Synthesis of 1-(1H-benzimidazol-2-ylmethyl)piperidin-4-one (3)
As shown in Scheme 1, 4-piperidone hydrochloride (0.7 gm, 0.005 mol) and 2-chloromethylbenzimidazole (0.81 gm, 0.005 mol) were taken in a round-bottomed flask containing 10 ml of DMF (dimethyl formamide). To this reaction mixture, 0.7 ml (0.005 mol) of TEA (triethylamine) was added and was refluxed for 7 h. The reaction progress was measured by taking TLC at periodic intervals. After the completion of the reaction, the contents were transferred into crushed ice. This mixture was further refrigerated for another 12 h. Finally, the precipitate was filtered under vacuum and recrystallized using methanol to obtain the pure product.
Synthesis of (3E,5E)-1-(1H-benzimidazol-2-ylmethyl)-3,5-bis(furan-2-ylmethylidene)piperidin-4-one (B1)
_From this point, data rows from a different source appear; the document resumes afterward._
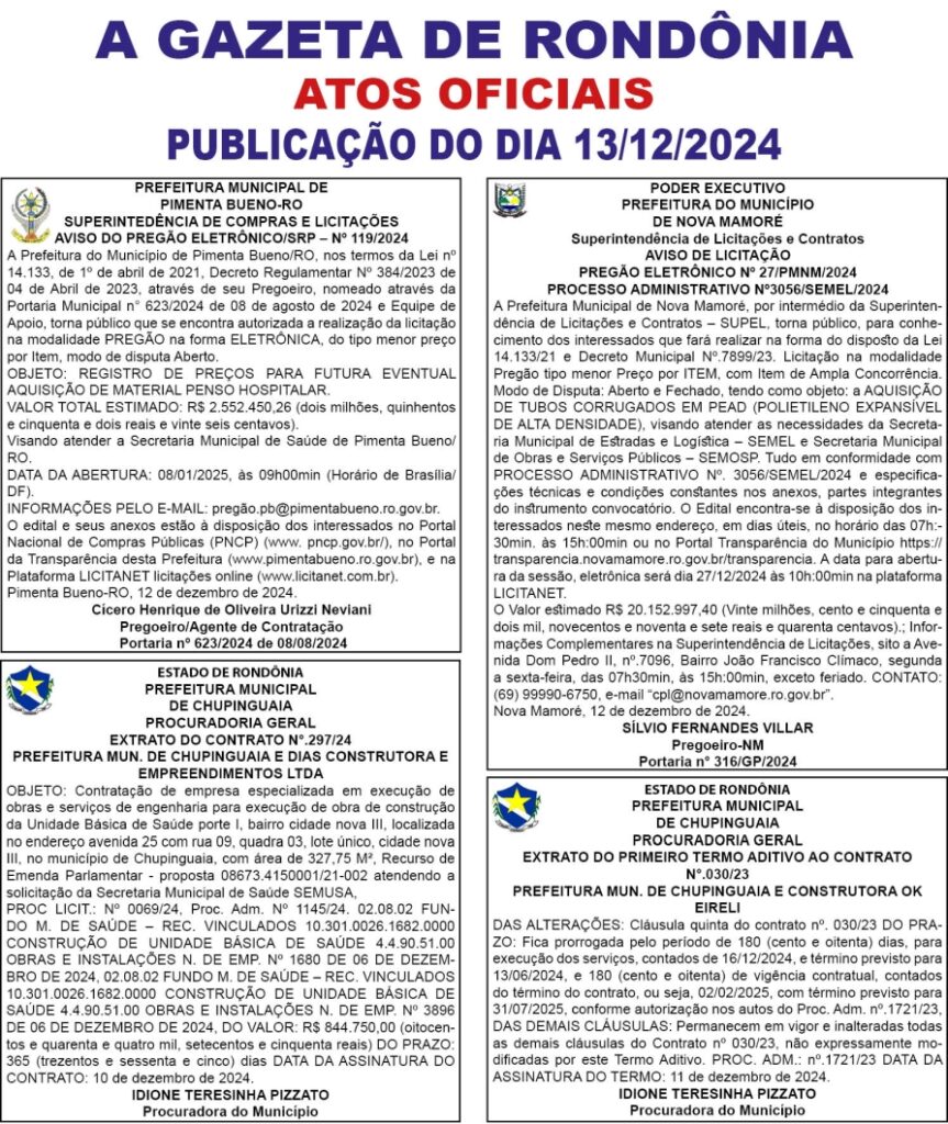 A GAZETA DE RONDÔNIA ATOS OFICIAIS PUBLICAÇÃO DO DIA 13/12/2024 Por Diretor Chefe 13 de dezembro de 2024 às 16h42
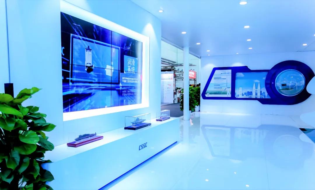 中國船舶集團展臺摒棄了“傳統(tǒng)色彩矩陣”,用“深海藍”加 “風機白”打造出大氣磅礴的開合式復合空間域,細節(jié)上則采用生態(tài)為先、大道至簡、科技為尚三大設計語言,將“風傳送”“海推動”“碳排放”業(yè)務生態(tài)鏈條進行了全方位的解構(gòu),吸引了眾多觀展人士駐足。
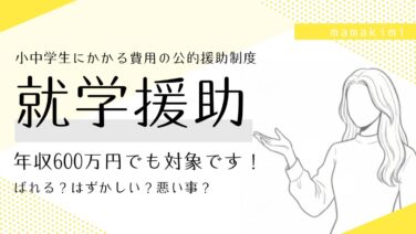 お金の知識小・中学校の【就学援助】のデメリットは?ばれる?恥ずかしい?年収600万円台以下なら十分対象の可能性 年収が600万円台の人も、700万円台の人も、世帯の人数によって受けられる就学援助。知らない人は損をする、就学援助は恥ずかしい制度でもなければ、ばれる心配もありません。一番つらいのは、子供にそのしわ寄せがいく事では? 2021.05.06お金の知識
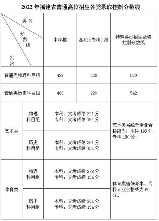| 2022年福建省普通高校招生錄取控制分數(shù)線 |
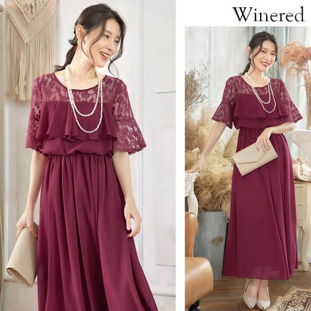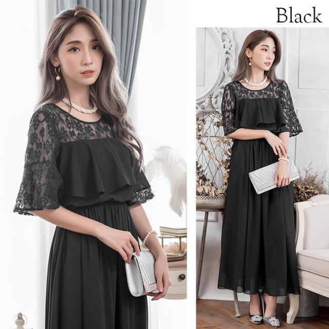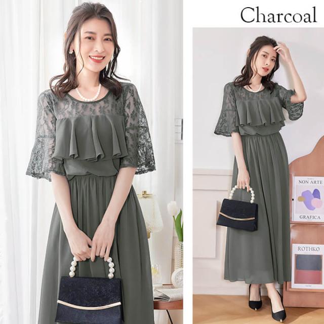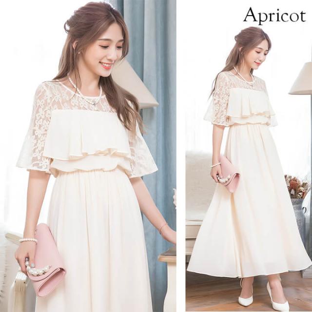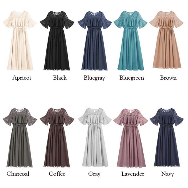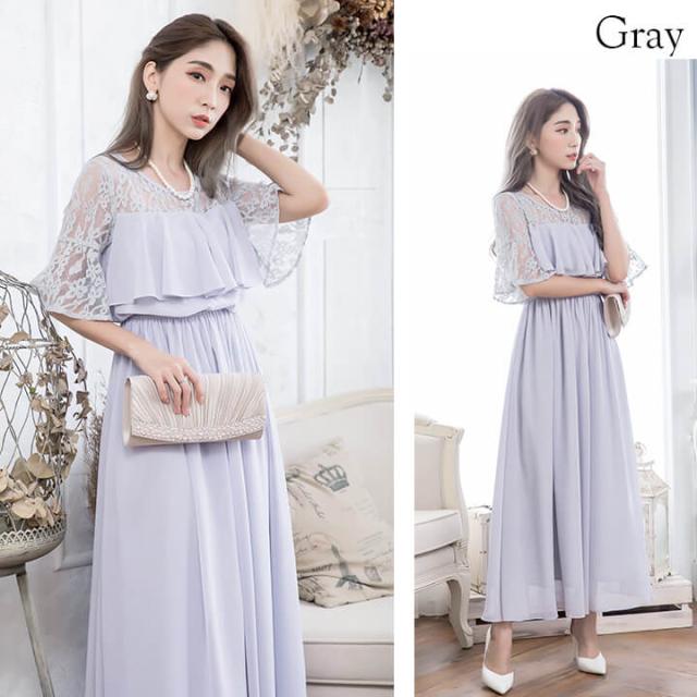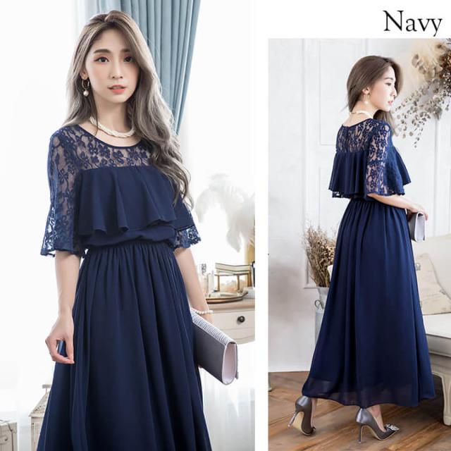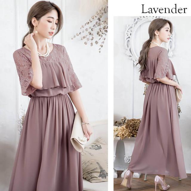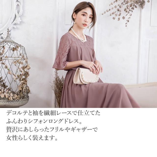 デコルテと袖を繊細レースで仕立てたふんわりシフォンロングドレス。
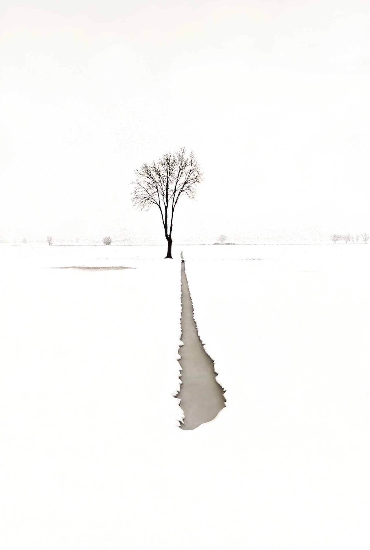 This is the series that best illustrates the photographer’s artistic approach. The landscapes of the Po plain, imbued with peace and quiet, are shown here in snow and fog. Tree trunks and furrows create graphic symmetries, while earth and sky merge into a silent white expanse.
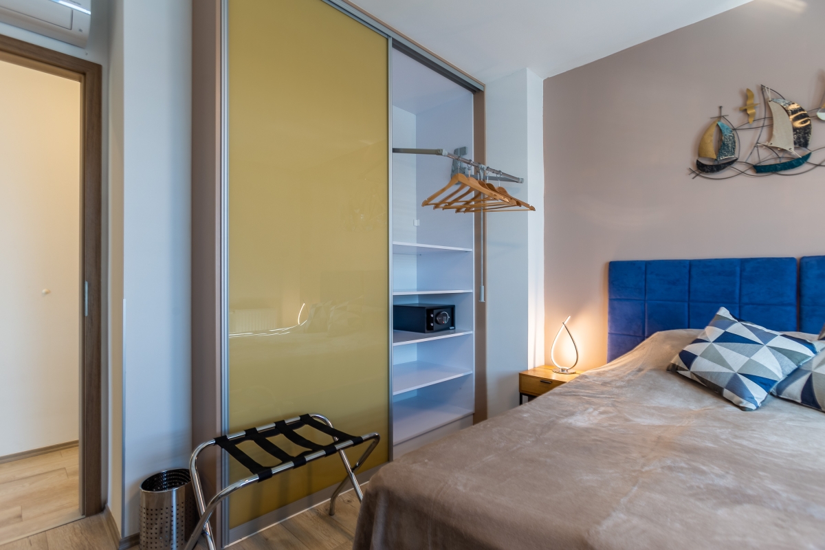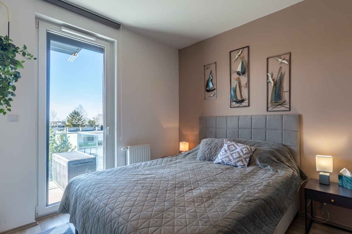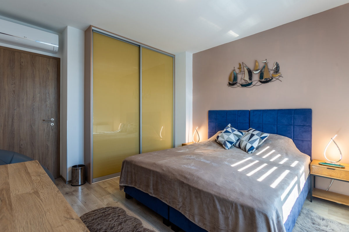 Bedroom 2: This bedroom has a large double bed and a wardrobe. It also has access to the balcony.
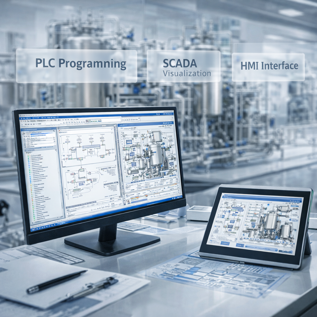 Development and implementation of control software (e.g. PLC/SCADA/HMI) for customized plants and units
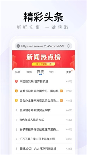 2345浏览器是一款非常实用的手机上网工具。在如今网上冲浪时,小编给大家带来的这款软件就是由中国移动官方推出的一个全新手机浏览器应用,用户通过这款2345浏览器不仅能够快速浏览各种网页内容还拥有海量视频、小说等资源供用户观看!同时软件界面简洁美观,没有任何广告弹窗干扰,给用户的上网体验带来了极大的便利!
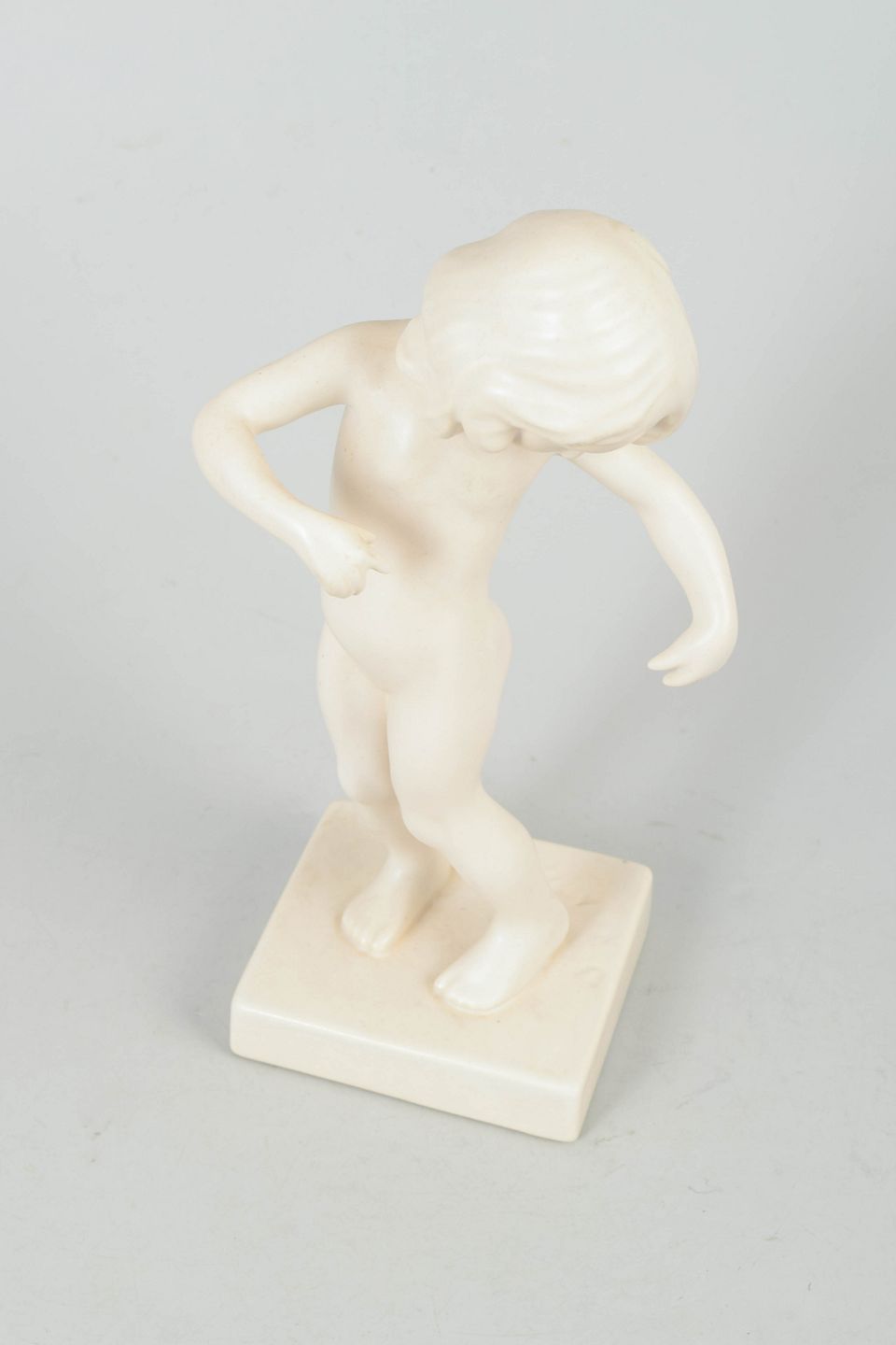 Klassisk inspireret porcelænsfigur efter antik skulptur, udført med bløde, naturalistiske former og fin modellering. Modellen er nummereret 888.

The method reported by Kalai et al. and Katsori et al.was employed to synthesize compound B1 as depicted in Scheme 1 (Kálai et al. 2011; Katsori et al. 2011). Furfural (1.82 ml, 0.022 mol) and 1-(1H-benzimidazol-2-ylmethyl)piperidin-4-one (2.3 g, 0.01 mol) prepared in the first step were taken in an Erlenmeyer flask. A solution of 12 ml ethanol and 20 ml of 10% NaOH was prepared and cooled to 20 °C. At room temperature, it was added to the mixture of furfural and compound 3 with stirring. The reaction was monitored using TLC, and after 2 h, the product was precipitated by cooling the reaction mixture in an ice bath. Finally, the precipitate was filtered under vacuum and recrystallized using methanol and acetonitrile (1:1) to obtain the pure product.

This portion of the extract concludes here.